*Given information:*
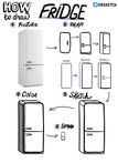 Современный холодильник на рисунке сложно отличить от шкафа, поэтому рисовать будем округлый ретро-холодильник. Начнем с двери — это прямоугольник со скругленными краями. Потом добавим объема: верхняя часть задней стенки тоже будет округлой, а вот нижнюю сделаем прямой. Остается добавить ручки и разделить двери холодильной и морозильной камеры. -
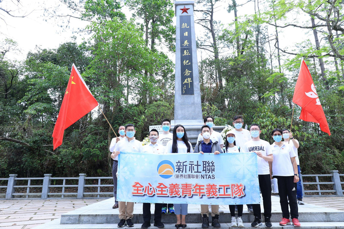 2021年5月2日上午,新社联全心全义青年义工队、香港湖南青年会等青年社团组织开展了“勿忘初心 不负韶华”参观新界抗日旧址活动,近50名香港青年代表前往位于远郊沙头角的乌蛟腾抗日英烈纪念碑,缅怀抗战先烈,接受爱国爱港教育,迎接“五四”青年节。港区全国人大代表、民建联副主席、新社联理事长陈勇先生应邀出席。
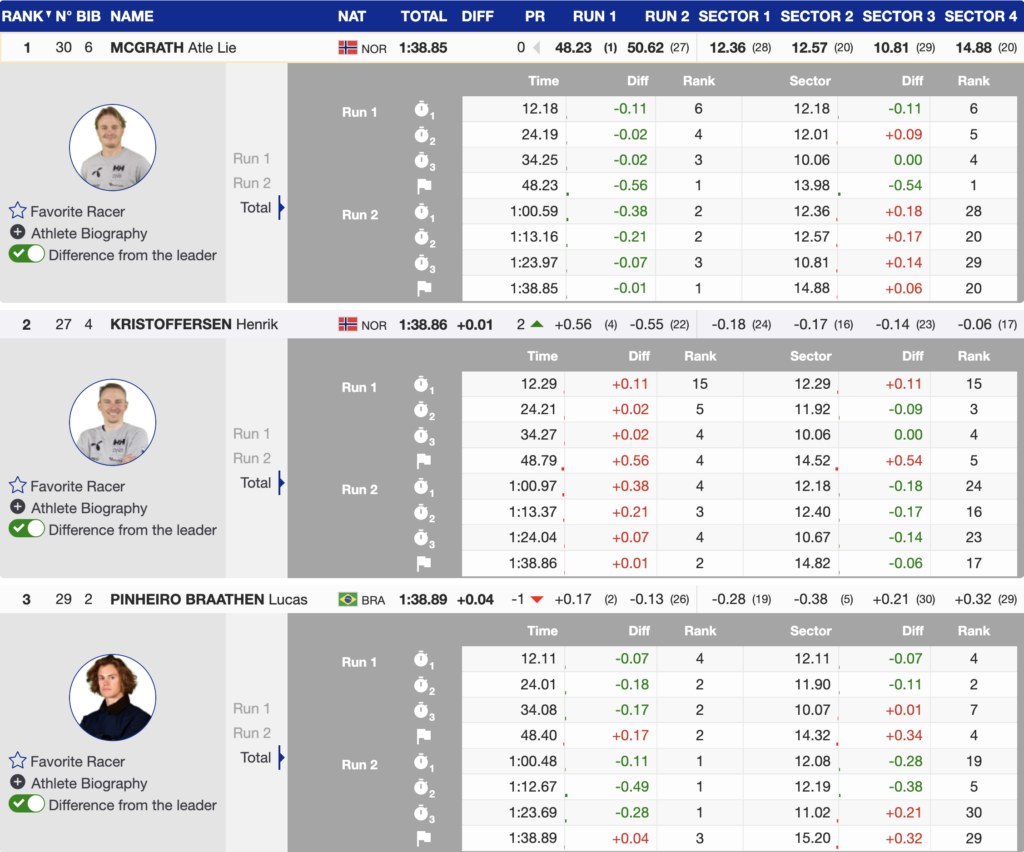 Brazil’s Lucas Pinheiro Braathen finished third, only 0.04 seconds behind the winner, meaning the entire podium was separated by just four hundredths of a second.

*Exercise objective:*
Pictures stay out of this copy. Retype exactly the lines from the one with "2021年5月2日上午,新社" through the last line of the data, both ends included, and nothing more.

*Answer section:*
 2021年5月2日上午,新社联全心全义青年义工队、香港湖南青年会等青年社团组织开展了“勿忘初心 不负韶华”参观新界抗日旧址活动,近50名香港青年代表前往位于远郊沙头角的乌蛟腾抗日英烈纪念碑,缅怀抗战先烈,接受爱国爱港教育,迎接“五四”青年节。港区全国人大代表、民建联副主席、新社联理事长陈勇先生应邀出席。
 Brazil’s Lucas Pinheiro Braathen finished third, only 0.04 seconds behind the winner, meaning the entire podium was separated by just four hundredths of a second.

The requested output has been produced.